Георгий Баженов - Хранители очага: Хроника уральской семьи
Все так и было. Все эти дни и недели. Но что-то вдруг изменилось в ней. Странное какое-то беспокойство зашевелилось в душе. А сегодня, с утра, не беспокойство даже на душе, а какая-то ярость на свою судьбу. Кричащий протест. Не хотела она такой судьбы! Не могла согласиться на нее! Все, что было в ней живого и человеческого, глубоко протестовало против выпавшей доли. Не сразу осознала она это. Не сразу отдала себе отчет в неожиданном протесте. Вдруг остро, остро до боли почувствовала она одно: судьба подвела ее к черте, но почему она должна смиряться?! Отчего она согласилась, смирилась, положилась на свою долю, доверилась ей и отдалась? Ну пусть, все понятно… вот она лежит, разбитая, больная, потерявшая надежду, но почему — вконец потерявшая? почему — смирение? почему? Когда она вот так задавала себе этот вопрос, то в душе у нее был ответ — потому что не хватает уже никакого человеческого терпения. Но и в душе же она чувствовала другое — яростное сопротивление, протест; о, если кто знает, что такое протест души, тот знает многое: протест — это начало многих великих событий, а возрождение человеческой души — разве из малых событий? И вся эта буря проносилась в ней, пока она просто лежала в постели, обеспокоенная, встревоженная, с широко открытыми глазами, с сильнейшим биением сердца. Да, доведенная до предела, но жить надо. Умирать успеется. Умираешь однажды и навсегда. Человек же, если он и доведен до предела, то для того, наверное, чтобы даже на дне пропасти или у последней черты сделать шаг за предел своих возможностей. Он должен доказать это. Себе. Судьбе. Иначе смерть приходит раньше физической смерти. А ей умирать еще рано. Нельзя. Есть у нее дела на этой земле. Все она вспомнила, через все прошла, не вспомнила только одного — своей внучки. А ведь жизнь, ради которой протестовала Марья Трофимовна против судьбы, была прежде всего жизнью Маринки. И еще — из чувства человеческого достоинства должна Марья Трофимовна дать вызов судьбе: ты меня загнала в угол, отобрала у меня все, заставила меня смириться, хочешь умертвить меня заживо, — я тебя понимаю, но я из упорства не хочу уступать тебе, я еще живая и нужная, пусть я лучше умру по-своему, чем по-твоему. Тебе легко со мной, ты сделала из меня тряпку и добиваешь, но я вот возьму и не сдамся, просто так, назло всем и тебе. Раз живу, буду жить. И пошла ты к черту…

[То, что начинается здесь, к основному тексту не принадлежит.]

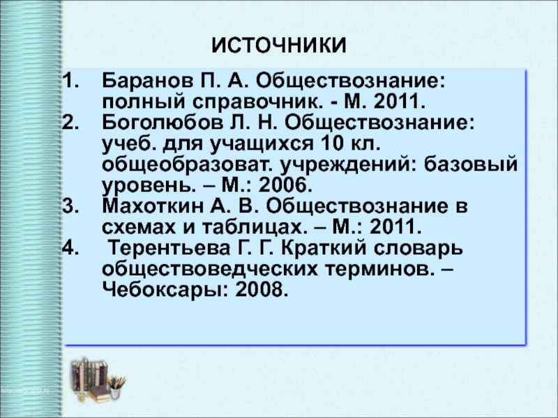 Это сайт презентаций, где можно хранить и обмениваться своими презентациями, докладами, проектами, шаблонами в формате PowerPoint с другими пользователями. Мы помогаем школьникам, студентам, учителям, преподавателям хранить и обмениваться учебными материалами.

В окно постучали. Вместе с этим стуком в доме начали просыпаться. Марья Трофимовна сама подошла к окну.
— Ты извини, Марья, что будим, — заговорила соседка Серафимы за окном. — Уходим на работу. Тут вчера принесли бумажку, видно, дом перепутали. На. Извини..
— Чего там такое? — спросила Серафима.
— Да вот, записка какая-то, — ответила Марья Трофимовна, развертывая бумажку.
— Записка? Что еще за записка?
— Сейчас… — Марья Трофимовна начала читать про себя:
«Маша, ты, может, чего думаешь. Я про пожар слыхал, но не мог. Сам едва не сгорел. Солярка вспыхнула, спрыгнул с экскаватора — а роба уже горит. Скинуть скинул, но прихватило малость спину. Дом жалко. Лежу в больнице, в поселке. Дом жалко. Степан».
— Чего там? — спросила еще раз Серафима.
— Да вот, Степан объявился, — усмехнулась Марья Трофимовна. — Вспомнил наконец нас.
— Он что, сдурел, что ли, записки пишет?
— На, читай, — протянула Марья Трофимовна. — Маринка, вставай. Хватит нежиться. Вставай, вставай. Во-о-от так! Ну, как спала?
— Знаешь, бабушка, а Сережа во сне разговаривал. Я проснулась: Сережа, Сережа, а он хоть бы хны.
— Нагулялся вчера, христовый. Чего говорил-то?
— А это… как его… я забыла, бабушка, — удивленно проговорила Маринка.
— Ну ничего. Давай поднимайся, моя хорошая. Умоешься, поешь — да и в садик.
— А ты выздоровела, баба?
— Да вроде лучше. Ничего, мы с тобой все хвори переборем. Так, нет?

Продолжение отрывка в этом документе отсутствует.